From Wikipedia, the free encyclopedia

For the Veronica Mars episode, see Drinking the Kool-Aid (Veronica Mars).

"Drinking the Kool-Aid" is a figure of speech commonly used in the United States that refers to a person or group holding an unquestioned belief, argument, or philosophy without critical examination. It could also refer to knowingly going along with a doomed or dangerous idea because of peer pressure. The phrase typically carries a negative connotation when applied to an individual or group.

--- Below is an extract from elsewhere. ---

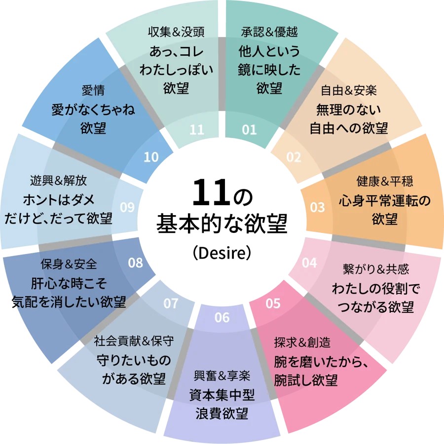 DDDは、年2回の調査で定量・定性データを収集し、消費者の「ほしい・したい」という気持ちを「11の欲望」として体系化している。この指標により、商品やブランドに対する需要の源泉となる深層心理を可視化できるとしている。

The phrase derives from the November 1978 Jonestown deaths,[1][2][3] where members of the Peoples Temple, who were followers of the Reverend Jim Jones committed suicide by drinking a mixture of a powdered soft drink flavoring agent laced with cyanide.[4][5] Although the powder used in the incident included Flavor Aid, it was commonly referred to as Kool-Aid due to its status as a genericized trademark.

Background

Main article: Jonestown § Deaths_in_Jonestown
On November 18, 1978, faced with exposure of the truth about Jonestown by several defectors who had chosen to leave the commune with a visiting congressman from Northern California, Jones ordered that members of Representative Leo Ryan's party be killed. Jim Jones, the leader of the Peoples Temple, who had persuaded followers to move to Guyana and found the commune of Jonestown then ordered the residents to commit suicide by drinking a flavored beverage laced with potassium cyanide.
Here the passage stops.